REPUBLIKA.CO.ID, TEL AVIV— Setelah hampir dua tahun perang di Gaza dan wilayah sekitarnya, Israel menunjukkan keunggulan yang mencolok di dua bidang yaitu militer dan keamanan, dengan dukungan hampir mutlak dari Amerika Serikat, yang memungkinkan Israel menelan kerugian besar dari semua musuhnya.
Namun, hal itu tidak memberinya kesempatan untuk mengumumkan kemenangan yang jelas atau menentukan.
Sejak awal, negara pendudukan memutuskan untuk menutup Badai Al-Aqsa dengan semua dampaknya yang negatif bagi dirinya dan menghalangi celah positif bagi musuhnya.
Hal ini sebagai bagian dari kebijakan “mengubah kesadaran” dan memaksa melupakan kekalahan besar yang dialaminya pada hari itu di semua tingkatan.

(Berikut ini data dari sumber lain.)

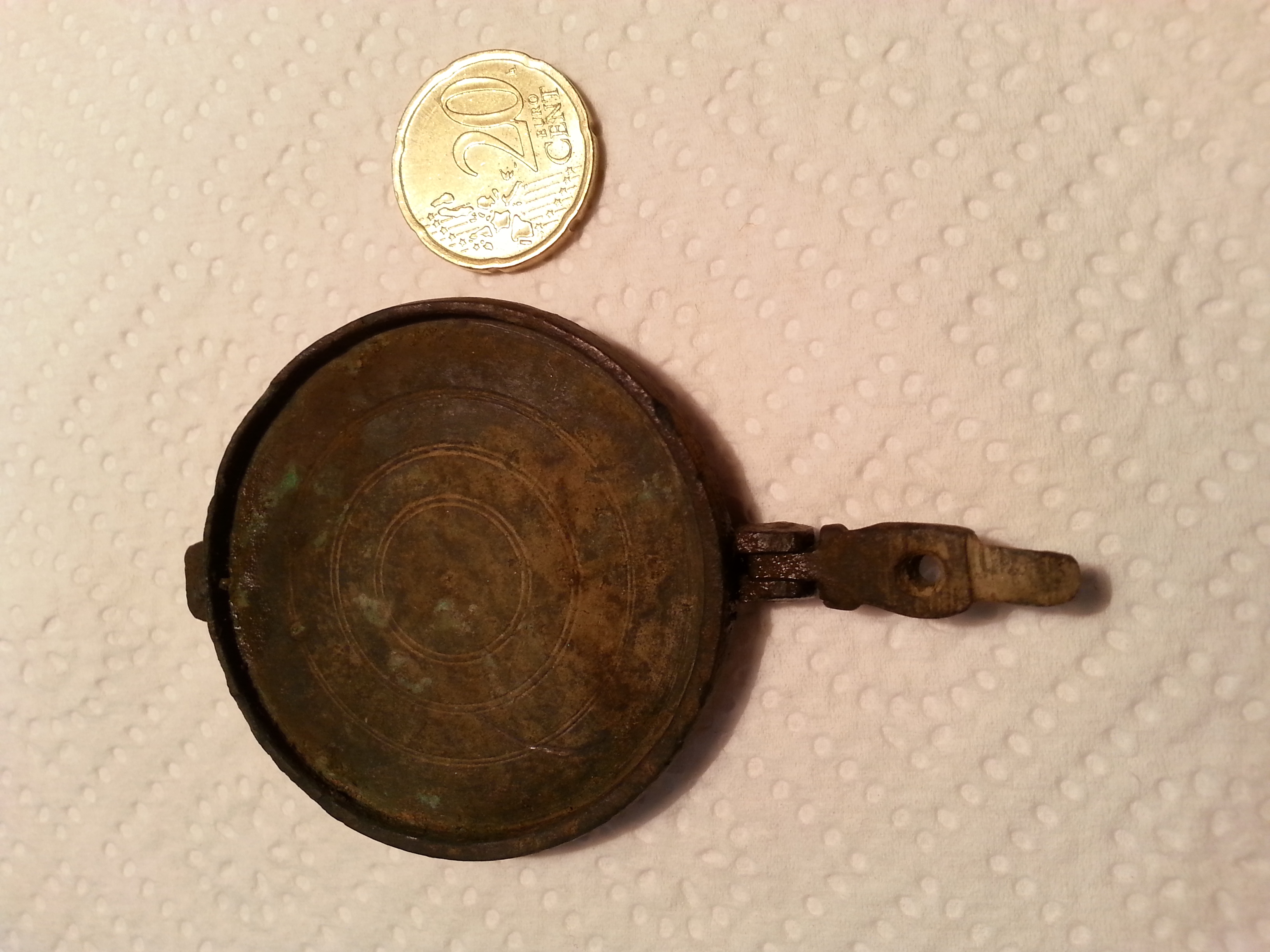 könnte Bild 1 - 3 ein alter Kompass sein? Material schätze ich auf Bronze (oder Kupfer). Es hat ein Gelenk das sich biegen lässt.
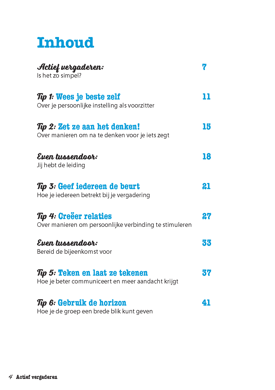 De tien essenties worden samengevat in een helder schema. Daarmee heb je een handig overzicht in handen, waarmee jij je deelnemers enthousiast krijgt om weer te vergaderen. Niet om het vergaderen zelf, maar om actief en effectief het beste resultaat te bereiken.Dit is een inspirerend en praktisch boekje waarmee je vergaderingen nieuw leven kunt inblazen. Het geheim is om veel actiever te vergaderen. Dook Kopmels geeft daar veel ideeën voor!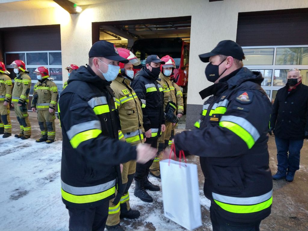Okolicznościowe grawertony oraz flagę Polski otrzymała grupa 13 funkcjonariuszy tutejszej Komendy, uczestnicząca w misji zagranicznej gaszenia wielkopowierzchniowych pożarów lasów w Grecji, na przełomie sierpnia i września 2021 roku, w ramach międzynarodowego modułu do gaszenia pożarów lasów z ziemi GFFFV.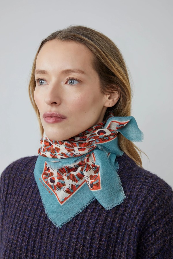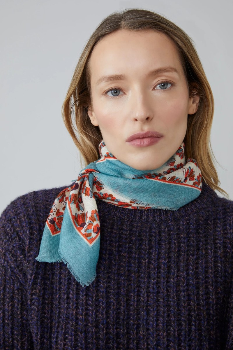 El pañuelo Croydon N°794 se inspira en la elegancia de los estampados ingleses, revisitando el espíritu Liberty con frescura y modernidad. Tejido a mano en la India en una lana suave y ligera, está disponible en formato de 70 x 70 cm, ideal alrededor del cuello o en el cabello. Un accesorio lleno de encanto, diseñado para acompañar las estaciones con poesía
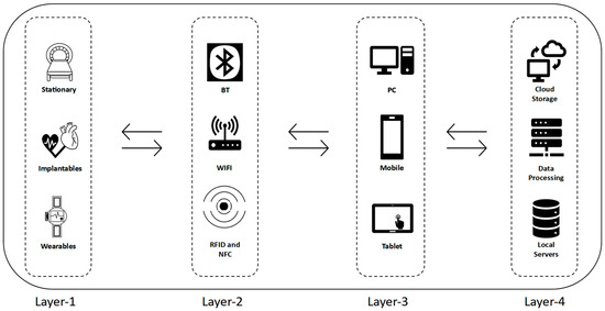- Layer 1: Devices and Instruments Layer, which deploys sensors and actuators to obtain and collect patients’ data. Three main variants are categorized according to their applications and functionality: stationary, wearable, and implantable.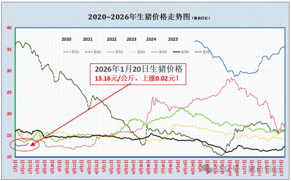 2026年1月19日,中国主流市场出栏外三元、内三元及土杂商品大猪加权日均价较昨日价格上涨,全国生猪出栏加权日均价13.14每公斤,较昨日价格上涨1.22%。北方出栏情绪出现分化,散户出栏积极性差,部分地区集团随涨价增量出栏;另外部分二育省份有少量二次育肥补栏。南方市场猪价稳中有涨。近期受大猪消费支撑,带动西南,华南等地区标猪走货好转,加之江西二育补栏情绪略增,带动价格上涨。但屠企反馈连日上涨后终端跟进不足,预计近期猪价或逐步回调,关注市场走货及市场情绪。整体来看,中旬后,生猪出栏随着降温逐步积极,全国出栏均重继续环比下滑,持续跟进后续临近春节带来的消费端边际变化,一季度供给或仍面临较大压力。今日全国外三元、内三元及土杂猪均价如下:1) 主流市场外三元大猪全国销售均13.24元每公斤,较昨天价格上涨1.16%;2)主流市场内三元大猪全国销售均价12.88元每公斤,较昨天价格上涨1.45%;3)主流市场土杂大猪全国销售均价12.48元每公斤,较昨天价格上涨1.24%。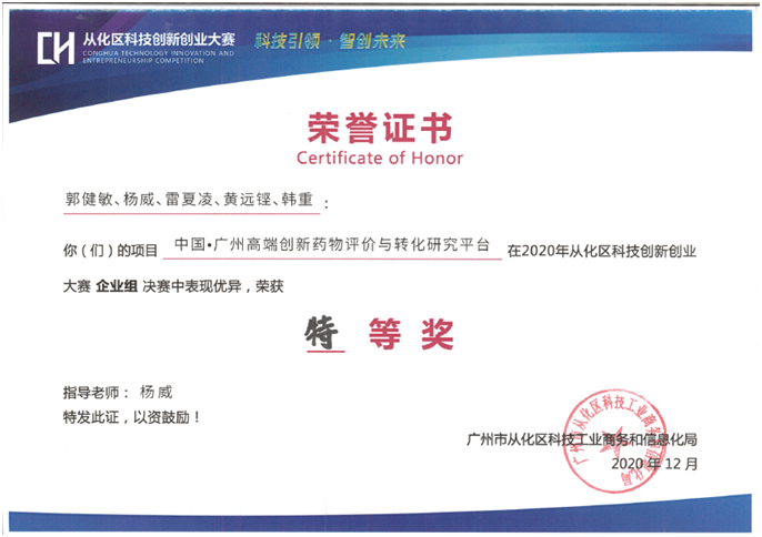 ? 2020年12月08日,從化區(qū)科技創(chuàng)新創(chuàng)業(yè)大賽決賽在廣州城建職業(yè)學(xué)院圓滿結(jié)束,經(jīng)歷層層評(píng)選,萊恩醫(yī)藥最終取得了從化區(qū)科技創(chuàng)新創(chuàng)業(yè)大賽特等獎(jiǎng),從化區(qū)科工商信局黃康華副局長(zhǎng)、廣州城建職業(yè)學(xué)院王媚莎副校長(zhǎng)等領(lǐng)導(dǎo)出席大賽,并為獲獎(jiǎng)團(tuán)隊(duì)頒發(fā)榮譽(yù)證書。

Keyakinan akan ancaman eksistensial terhadap negara pendudukan semakin menguat, Hal ini memaksanya untuk mengubah cara menangani ancaman yang dihadapi di kawasan tersebut, serta keinginan untuk memulihkan kepercayaan front dalam negeri terhadap negara, institusi militer, dan pemerintah.

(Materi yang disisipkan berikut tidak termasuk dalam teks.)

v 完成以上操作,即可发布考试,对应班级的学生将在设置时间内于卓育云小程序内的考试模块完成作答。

Selain itu, apa yang terjadi merupakan kesempatan yang belum pernah terjadi sebelumnya untuk memaksakan fakta dan arah baru di kawasan dalam kerangka “perubahan peta Timur Tengah”, sebuah rencana yang telah disiapkan sebelumnya dan sedang dalam tahap pelaksanaan.
Interaksi dari semua hal di atas menghasilkan “Israel” yang baru, di puncak agresi, kekejaman, dan kekejaman, dengan teori keamanan berbeda tanpa menunggu ancaman muncul untuk ditangani dengan cara mengendalikan, mengelola, atau menghancurkan.

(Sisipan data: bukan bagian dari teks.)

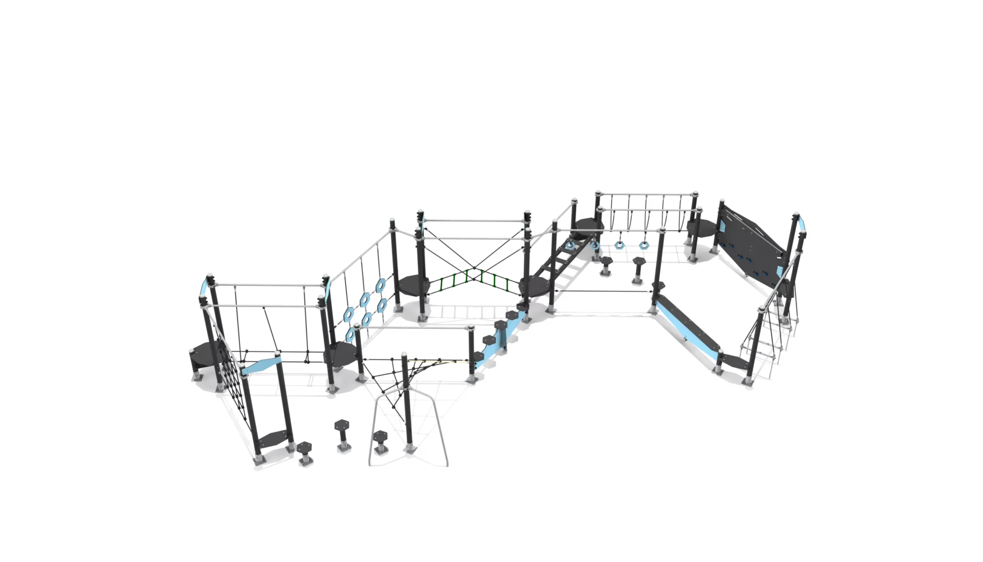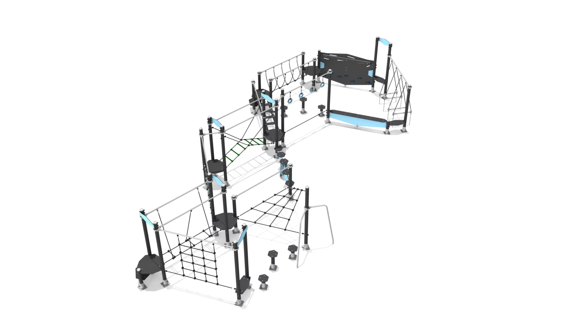 balanceer- en klimelement met veel verschillende wiebelbruggen, touwen en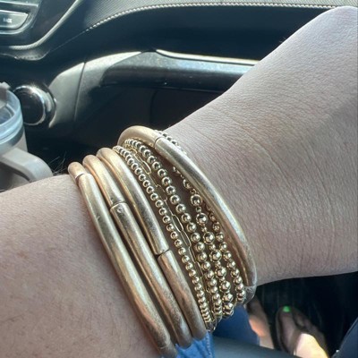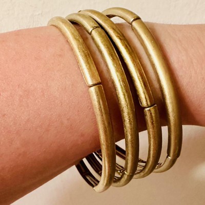 A: The set includes a total of four bangle bracelets.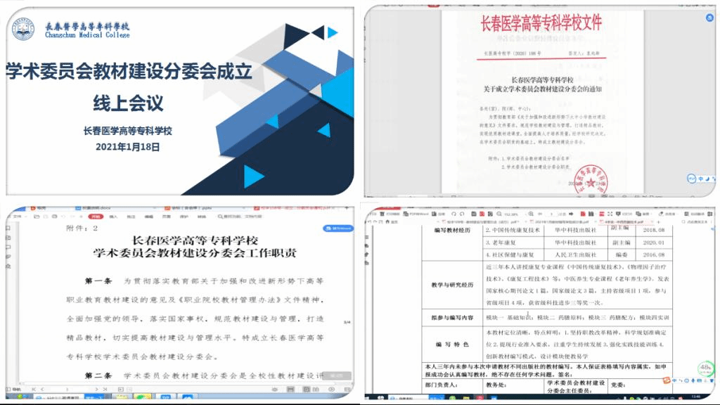 会上,孙莹宣读了《长春医学高等专科学校关于成立学术委员会教材建设分委会的通知》(校字[2020]108号),阐述了教材建设分委员会成立的背景和意义,明确了教材建设分委会工作职责。张虹解读了《长春医学高等专科学校教材建设与管理办法(试行)》(校字[2020]109号),使与会人员明确了教材建设与管理的总章程,教材编写与申报程序,教材选用与申报程序以及教材认定和奖励依据,使教材建设分委会成员在未来开展工作时能够有章可循、有规可依。

Bahkan Israel berupaya mencegah kemunculan ancaman dan menghadapi kemungkinan tersebut dengan kekuatan brutal dan kekejaman maksimal, secara sengaja, sebagai pengganti dari sistem pencegah yang runtuh pada 7 Oktober 2023.
Hal ini berujung pada genosida di Gaza dengan puluhan ribu korban syahid, lebih banyak lagi yang terluka, munculnya pengungsian sebagian besar penduduk wilayah tersebut, penghancuran institusi dan infrastrukturnya nyaris total, serta kerugian besar bagi perlawanan Palestina dalam hal perlengkapan dan personel, serta di sektor militer, politik, dan pemerintahan.